D-Day

On 4th June 2011 we caught the ferry over to Brittany to rendezvous with some Australian friends. On the ferry were several people kitted out in WW2 uniforms and some US jeeps and other military vehicles on their way to D-Day commemorations. Three weeks or so later we parted company with our friends to travel home; they were continuing in France. We spent a night in Coutance on the way to the Cherbourg ferry. This is an extract from my travel journal.

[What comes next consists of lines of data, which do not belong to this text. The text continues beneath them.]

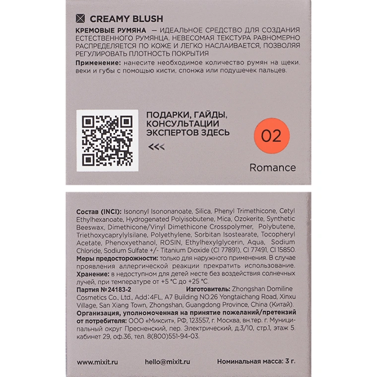 Румяна для лица `MIXIT` CREAMY BLUSH кремовые тон 02 Romance
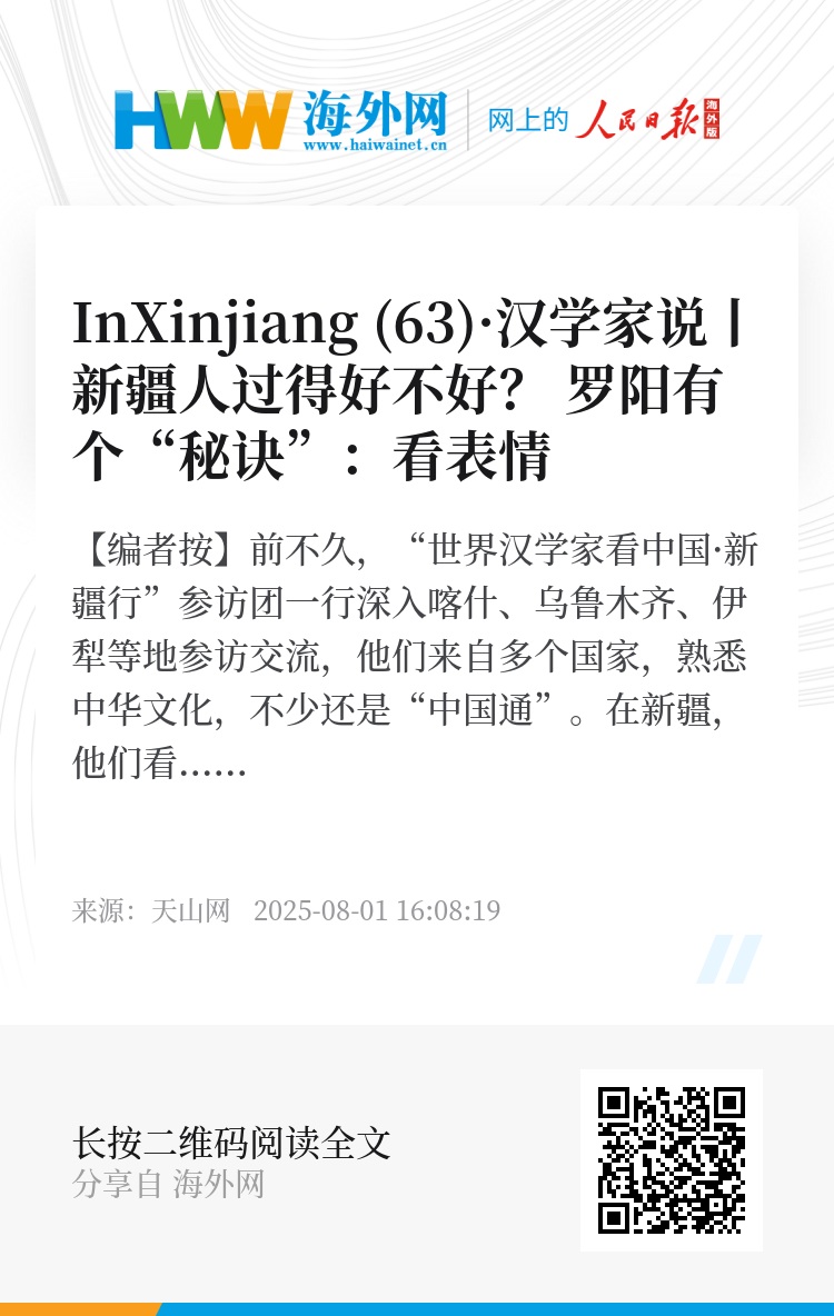 前不久,“世界汉学家看中国·新疆行”参访团一行深入喀什、乌鲁木齐、伊犁等地参访交流,他们来自多个国家,熟悉中华文化,不少还是“中国通”。在新疆,他们看到了什么?有何种感受?即日起,《InXinjiang》栏目策划推出《汉学家说》专题系列报道,还原这批汉学家的新疆之行。
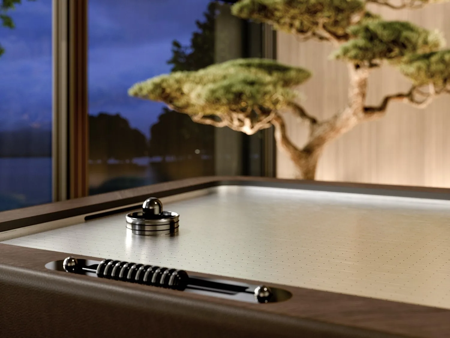 этот стол оснащен улучшенным двигателем и вентиляторами, чтобы обеспечить отличную плавность игры. Двигатель создает воздушную подушку на игровом поле, чтобы диск скользил, как по льду.
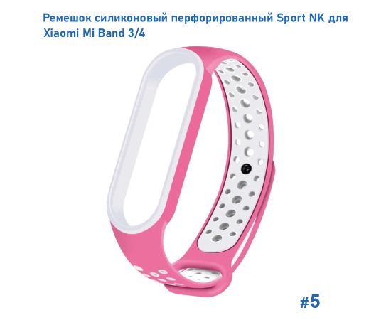 Ремешок силиконовый перфорированный Great Case Sport NK для Xiaomi Mi Band 3/4, 250мм, на кнопке, розовый+белый (5)
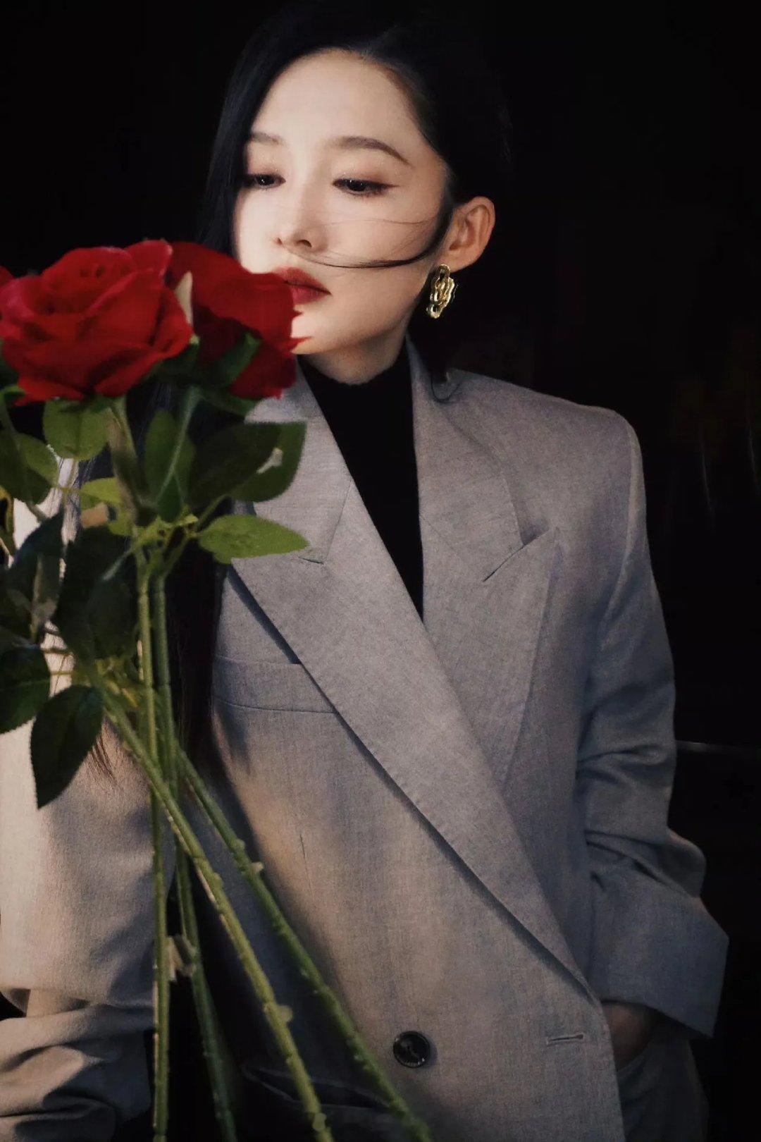 刘亦菲这一身衣服太丑了,用花挡住了才觉得好一点,全靠脸撑着
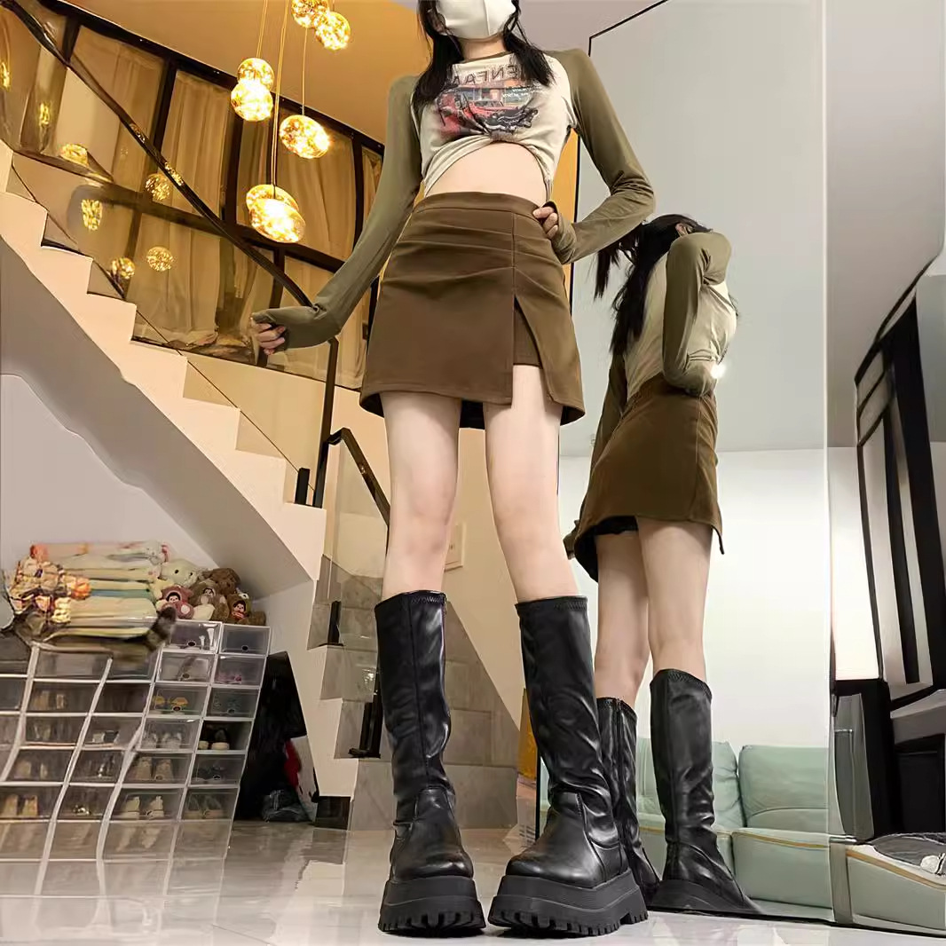 大きいサイズのカレー色の毛は半身のスカートの女性の夏の2024の新型の太っているmmはa字のスカートの高い腰を開けて肉を遮ってヒップのスカートを包みます
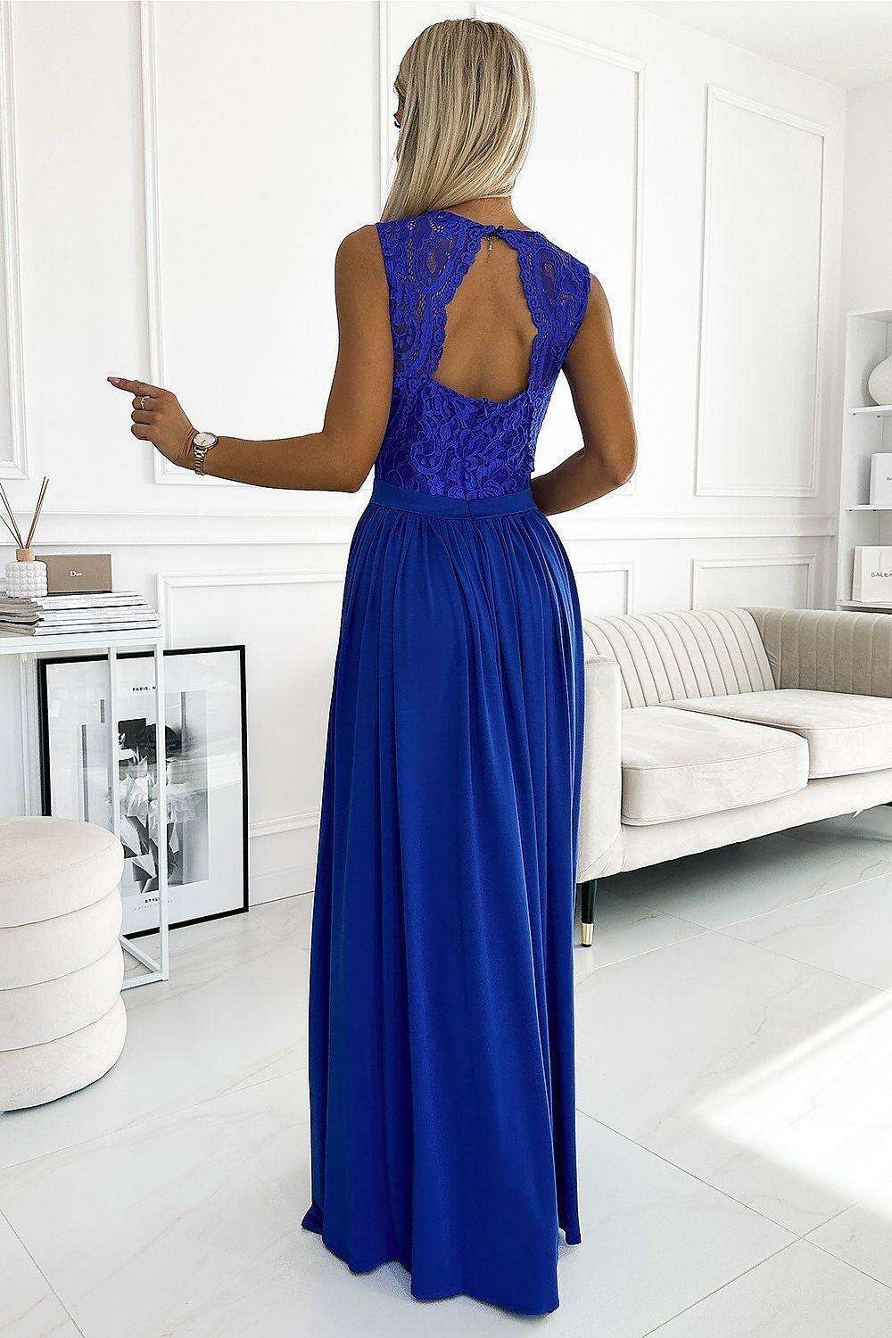 Choose the Chic Blue Lace Floor-Length Dress for your next elegant event and experience the blend of style, comfort, and timeless beauty that sets this dress apart from the competition.

Leaving Coutance after breakfast with the rest of the day to spend (our ferry was not till 7.00PM) we decided to take the yellow roads on the Michelin map zig-zagging across the Cherbourg peninsula. We stopped in a small town for coffee and headed in the direction of Utah Beach. We hit another small town near there and decided to stop for more coffee. The town was St Marie du Mont and it turned out to be the first town in France to be liberated on D-Day. There are plaques everywhere across the town re-telling stories of both individual and group acts of heroism, together with a few blunders. Apparently, the US 101st Airborne Division dropped there on 5th June 1944, the day before D-Day, their mission being to take and hold the Road from Utah Beach so the US tanks could come through. If the landing had failed – and there was no guarantee of success given the uncertain weather forecast – they would have been stranded there. A risky venture by very brave men. There was obviously heavy fighting in the town – there was a German garrison there – but they were eventually over-run and the town was liberated. The plaques also identify the various uses town buildings were put to by the occupying forces. One house still had the barred windows from when it was the prison; the building that is now the Mairie was the German commandant’s residence. Several other buildings are museums (not open on Sundays unfortunately). Several of the roads have been re-named after GIs killed there. Poignant, indeed. It seemed like a haunted place: the ghosts of war.